• [ASSIGNMENT]: Your output should be the complete listing, repeated exactly.

• [MATERIAL FOR THIS TASK]:

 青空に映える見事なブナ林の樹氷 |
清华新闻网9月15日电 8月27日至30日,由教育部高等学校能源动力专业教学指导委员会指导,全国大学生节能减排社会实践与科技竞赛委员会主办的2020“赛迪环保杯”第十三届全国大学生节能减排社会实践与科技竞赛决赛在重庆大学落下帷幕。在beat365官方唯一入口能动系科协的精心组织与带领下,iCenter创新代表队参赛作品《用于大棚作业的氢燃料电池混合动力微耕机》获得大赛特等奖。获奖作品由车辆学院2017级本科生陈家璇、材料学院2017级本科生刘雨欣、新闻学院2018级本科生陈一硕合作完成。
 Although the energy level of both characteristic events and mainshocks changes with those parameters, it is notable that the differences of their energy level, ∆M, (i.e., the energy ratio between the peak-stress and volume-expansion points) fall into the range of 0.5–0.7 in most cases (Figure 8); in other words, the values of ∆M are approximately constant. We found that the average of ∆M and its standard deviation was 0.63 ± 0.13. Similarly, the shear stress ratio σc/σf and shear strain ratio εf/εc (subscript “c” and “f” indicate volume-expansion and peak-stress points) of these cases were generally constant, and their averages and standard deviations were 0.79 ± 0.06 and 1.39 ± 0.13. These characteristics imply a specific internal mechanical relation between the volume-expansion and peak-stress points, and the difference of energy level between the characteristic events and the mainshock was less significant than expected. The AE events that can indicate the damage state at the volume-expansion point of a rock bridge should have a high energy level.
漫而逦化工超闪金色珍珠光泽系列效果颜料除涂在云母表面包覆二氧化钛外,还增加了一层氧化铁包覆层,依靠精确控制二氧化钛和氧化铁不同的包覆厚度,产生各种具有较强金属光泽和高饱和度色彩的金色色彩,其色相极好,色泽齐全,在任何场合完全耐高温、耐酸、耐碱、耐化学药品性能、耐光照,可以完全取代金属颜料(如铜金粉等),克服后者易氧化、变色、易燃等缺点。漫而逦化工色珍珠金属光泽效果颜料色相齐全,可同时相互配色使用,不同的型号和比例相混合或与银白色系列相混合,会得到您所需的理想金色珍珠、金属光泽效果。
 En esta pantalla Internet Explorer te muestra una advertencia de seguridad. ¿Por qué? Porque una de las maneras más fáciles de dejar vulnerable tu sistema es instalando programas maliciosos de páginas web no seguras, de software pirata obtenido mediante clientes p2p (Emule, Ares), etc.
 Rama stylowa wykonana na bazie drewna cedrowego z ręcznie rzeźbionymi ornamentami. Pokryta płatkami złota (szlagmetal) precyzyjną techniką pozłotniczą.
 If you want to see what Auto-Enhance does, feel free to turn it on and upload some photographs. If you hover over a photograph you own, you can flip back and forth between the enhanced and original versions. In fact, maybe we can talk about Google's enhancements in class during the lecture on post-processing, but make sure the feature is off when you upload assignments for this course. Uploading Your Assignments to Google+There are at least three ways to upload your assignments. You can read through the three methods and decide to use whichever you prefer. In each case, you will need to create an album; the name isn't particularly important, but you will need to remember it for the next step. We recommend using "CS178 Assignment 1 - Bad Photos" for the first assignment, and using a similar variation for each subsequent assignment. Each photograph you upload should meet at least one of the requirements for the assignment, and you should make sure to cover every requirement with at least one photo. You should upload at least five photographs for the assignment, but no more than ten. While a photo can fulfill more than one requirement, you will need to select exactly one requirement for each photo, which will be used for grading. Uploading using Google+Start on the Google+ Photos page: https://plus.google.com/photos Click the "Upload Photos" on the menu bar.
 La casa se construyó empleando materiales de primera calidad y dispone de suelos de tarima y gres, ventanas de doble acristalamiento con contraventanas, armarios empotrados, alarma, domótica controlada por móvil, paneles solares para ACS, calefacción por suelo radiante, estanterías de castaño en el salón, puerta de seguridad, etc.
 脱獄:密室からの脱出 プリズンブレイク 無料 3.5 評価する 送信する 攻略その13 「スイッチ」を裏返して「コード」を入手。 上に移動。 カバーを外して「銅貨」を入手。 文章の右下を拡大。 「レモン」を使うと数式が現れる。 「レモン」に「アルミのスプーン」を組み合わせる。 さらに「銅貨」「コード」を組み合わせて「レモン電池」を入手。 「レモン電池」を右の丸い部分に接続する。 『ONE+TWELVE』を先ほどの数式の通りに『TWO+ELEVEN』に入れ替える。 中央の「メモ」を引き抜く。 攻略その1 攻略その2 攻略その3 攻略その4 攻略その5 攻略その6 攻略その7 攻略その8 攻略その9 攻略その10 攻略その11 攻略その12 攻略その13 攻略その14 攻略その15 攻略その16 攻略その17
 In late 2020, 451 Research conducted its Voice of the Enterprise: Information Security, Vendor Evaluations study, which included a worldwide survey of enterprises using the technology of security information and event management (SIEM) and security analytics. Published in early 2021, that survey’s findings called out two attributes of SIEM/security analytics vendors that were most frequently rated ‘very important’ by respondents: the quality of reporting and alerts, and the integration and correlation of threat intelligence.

• [TASK OUTPUT]:
 青空に映える見事なブナ林の樹氷 |
清华新闻网9月15日电 8月27日至30日,由教育部高等学校能源动力专业教学指导委员会指导,全国大学生节能减排社会实践与科技竞赛委员会主办的2020“赛迪环保杯”第十三届全国大学生节能减排社会实践与科技竞赛决赛在重庆大学落下帷幕。在beat365官方唯一入口能动系科协的精心组织与带领下,iCenter创新代表队参赛作品《用于大棚作业的氢燃料电池混合动力微耕机》获得大赛特等奖。获奖作品由车辆学院2017级本科生陈家璇、材料学院2017级本科生刘雨欣、新闻学院2018级本科生陈一硕合作完成。
 Although the energy level of both characteristic events and mainshocks changes with those parameters, it is notable that the differences of their energy level, ∆M, (i.e., the energy ratio between the peak-stress and volume-expansion points) fall into the range of 0.5–0.7 in most cases (Figure 8); in other words, the values of ∆M are approximately constant. We found that the average of ∆M and its standard deviation was 0.63 ± 0.13. Similarly, the shear stress ratio σc/σf and shear strain ratio εf/εc (subscript “c” and “f” indicate volume-expansion and peak-stress points) of these cases were generally constant, and their averages and standard deviations were 0.79 ± 0.06 and 1.39 ± 0.13. These characteristics imply a specific internal mechanical relation between the volume-expansion and peak-stress points, and the difference of energy level between the characteristic events and the mainshock was less significant than expected. The AE events that can indicate the damage state at the volume-expansion point of a rock bridge should have a high energy level.
漫而逦化工超闪金色珍珠光泽系列效果颜料除涂在云母表面包覆二氧化钛外,还增加了一层氧化铁包覆层,依靠精确控制二氧化钛和氧化铁不同的包覆厚度,产生各种具有较强金属光泽和高饱和度色彩的金色色彩,其色相极好,色泽齐全,在任何场合完全耐高温、耐酸、耐碱、耐化学药品性能、耐光照,可以完全取代金属颜料(如铜金粉等),克服后者易氧化、变色、易燃等缺点。漫而逦化工色珍珠金属光泽效果颜料色相齐全,可同时相互配色使用,不同的型号和比例相混合或与银白色系列相混合,会得到您所需的理想金色珍珠、金属光泽效果。
 En esta pantalla Internet Explorer te muestra una advertencia de seguridad. ¿Por qué? Porque una de las maneras más fáciles de dejar vulnerable tu sistema es instalando programas maliciosos de páginas web no seguras, de software pirata obtenido mediante clientes p2p (Emule, Ares), etc.
 Rama stylowa wykonana na bazie drewna cedrowego z ręcznie rzeźbionymi ornamentami. Pokryta płatkami złota (szlagmetal) precyzyjną techniką pozłotniczą.
 If you want to see what Auto-Enhance does, feel free to turn it on and upload some photographs. If you hover over a photograph you own, you can flip back and forth between the enhanced and original versions. In fact, maybe we can talk about Google's enhancements in class during the lecture on post-processing, but make sure the feature is off when you upload assignments for this course. Uploading Your Assignments to Google+There are at least three ways to upload your assignments. You can read through the three methods and decide to use whichever you prefer. In each case, you will need to create an album; the name isn't particularly important, but you will need to remember it for the next step. We recommend using "CS178 Assignment 1 - Bad Photos" for the first assignment, and using a similar variation for each subsequent assignment. Each photograph you upload should meet at least one of the requirements for the assignment, and you should make sure to cover every requirement with at least one photo. You should upload at least five photographs for the assignment, but no more than ten. While a photo can fulfill more than one requirement, you will need to select exactly one requirement for each photo, which will be used for grading. Uploading using Google+Start on the Google+ Photos page: https://plus.google.com/photos Click the "Upload Photos" on the menu bar.
 La casa se construyó empleando materiales de primera calidad y dispone de suelos de tarima y gres, ventanas de doble acristalamiento con contraventanas, armarios empotrados, alarma, domótica controlada por móvil, paneles solares para ACS, calefacción por suelo radiante, estanterías de castaño en el salón, puerta de seguridad, etc.
 脱獄:密室からの脱出 プリズンブレイク 無料 3.5 評価する 送信する 攻略その13 「スイッチ」を裏返して「コード」を入手。 上に移動。 カバーを外して「銅貨」を入手。 文章の右下を拡大。 「レモン」を使うと数式が現れる。 「レモン」に「アルミのスプーン」を組み合わせる。 さらに「銅貨」「コード」を組み合わせて「レモン電池」を入手。 「レモン電池」を右の丸い部分に接続する。 『ONE+TWELVE』を先ほどの数式の通りに『TWO+ELEVEN』に入れ替える。 中央の「メモ」を引き抜く。 攻略その1 攻略その2 攻略その3 攻略その4 攻略その5 攻略その6 攻略その7 攻略その8 攻略その9 攻略その10 攻略その11 攻略その12 攻略その13 攻略その14 攻略その15 攻略その16 攻略その17
 In late 2020, 451 Research conducted its Voice of the Enterprise: Information Security, Vendor Evaluations study, which included a worldwide survey of enterprises using the technology of security information and event management (SIEM) and security analytics. Published in early 2021, that survey’s findings called out two attributes of SIEM/security analytics vendors that were most frequently rated ‘very important’ by respondents: the quality of reporting and alerts, and the integration and correlation of threat intelligence.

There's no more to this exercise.